By background to Feng’s announcement, one needs to go back more than three years. In April 2010, the National Science Foundation teamed with Microsoft on a collaborative cloud computing agreement. One year later, they decided to fund 13 research projects to help researchers quickly integrate cloud technology into their research.

Feng was selected to lead one of these teams. His target was to develop an on-demand, cloud-computing model, using the Microsoft Azure cloud. It then evolved naturally to make use of the Microsoft’s Hadoop-based Azure HDInsight Service. 

“Our goal was to keep up with the data deluge in the DNA sequencing space. Our result is that we are now analyzing data faster, and we are also analyzing it more intelligently,” Feng said.

With this analysis, and the ability of researchers from all over the globe to see the same sets of data, collaborative work is facilitated on a 24/7 global perspective. “This cooperative cloud computing solution allows life scientists and their institutions easy sharing of public data sets and helps facilitate large-scale collaborative research,” Feng added.

Think of the advantages of oncologists from Sloan Kettering to the German Cancer Research Center would have by maintaining simultaneous and instantaneous access to each other’s data.

Specifically, Feng and his team, Nabeel Mohamed of Chennai, Tamilnadu, India, and a master’s student, and Heshan Lin, a research scientist with Virginia Tech’s Department of Computer Science, developed two software-based research artifacts: SeqInCloud and CloudFlow.  They are members of the Synergy Lab, directed by Feng.

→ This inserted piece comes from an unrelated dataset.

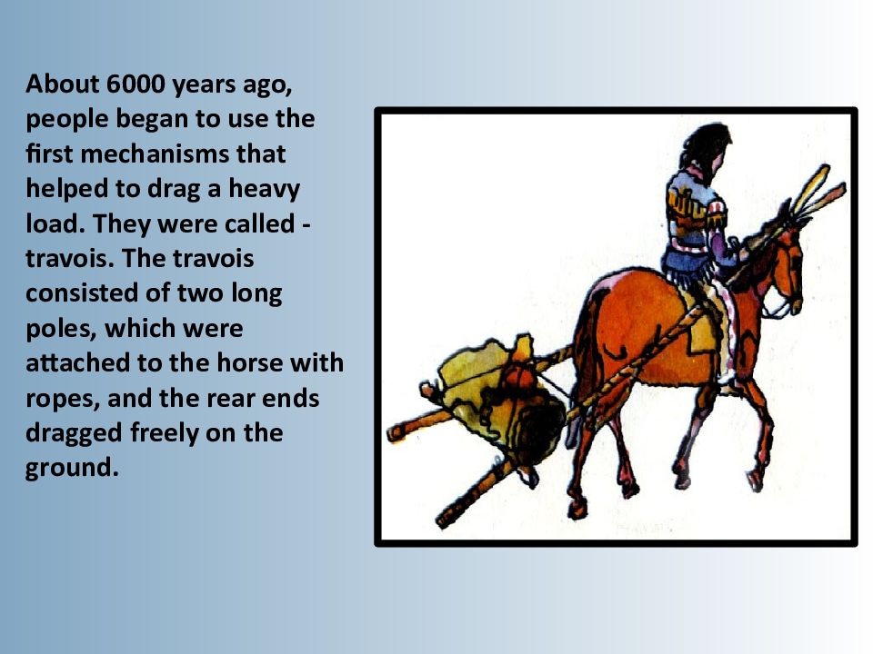 About 6000 years ago, people began to use the first mechanisms that helped to drag a heavy load. They were called - travois. The travois consisted of two long poles, which were attached to the horse with ropes, and the rear ends dragged freely on the ground.

The first, an abbreviation for the words “sequencing in the clouds,” combined with the Microsoft cloud computing platform and infrastructure, provides a portable cloud solution for next-generation sequence analysis.  This resource optimizes data management, such as data partitioning and data transfer, to deliver better performance and resource use of cloud resources.

The second artifact, CloudFlow, is his team’s scaffolding for managing workflows, such as SeqInCloud.  A researcher can install this software to “allow the construction of pipelines that simultaneously use the client and the cloud resources for running the pipeline and automating data transfers,” Feng said.

“If this DNA data and associated resources are not shared, then life scientists and their institutions need to find the millions of dollars to establish and/or maintain their own supercomputing centers,” he added.

Feng knows about high-performance computing. In 2011, he was the main architect of a supercomputer called HokieSpeed.

That year, HokieSpeed settled in at No. 96 on the Top500 List, the industry-standard ranking of the world’s 500 fastest supercomputers. Its fame, however, came because of the machine’s energy efficiency, recorded as the highest-ranked commodity supercomputer in the United States in 2011 on the Green500 List, a compilation of supercomputers that excel at using less energy to do more.

Economics also was key in Feng’s supercomputing success. HokieSpeed was built for $1.4 million, a small fraction -- one-tenth of a percent of the cost -- of the Top500’s No. 1 supercomputer at the time, the K Computer from Japan. The majority of funding for HokieSpeed came from a $2 million National Science Foundation Major Research Instrumentation grant.

Feng also has been working in the biotechnology arena for quite some time. One of his key awards was the NVIDIA Foundation’s first worldwide research award for computing the cure for cancer.

This grant, also awarded in 2011, enabled Feng, the principal investigator, and his colleagues to create a client-based framework for faster genome analysis to make it easier for genomics researchers to identify mutations that are relevant to cancer.

Likewise, the more general SeqInCloud and CloudFlow artifacts seek to achieve the same type of advances and more, but via a cloud-based framework.

More recently, Feng was a member of a team that secured a $2 million grant from the National Science Foundation and the National Institutes of Health to develop core techniques that would enable researchers to innovatively leverage high-performance computing to analyze the data deluge of high-throughput DNA sequencing, also known as next-generation sequencing.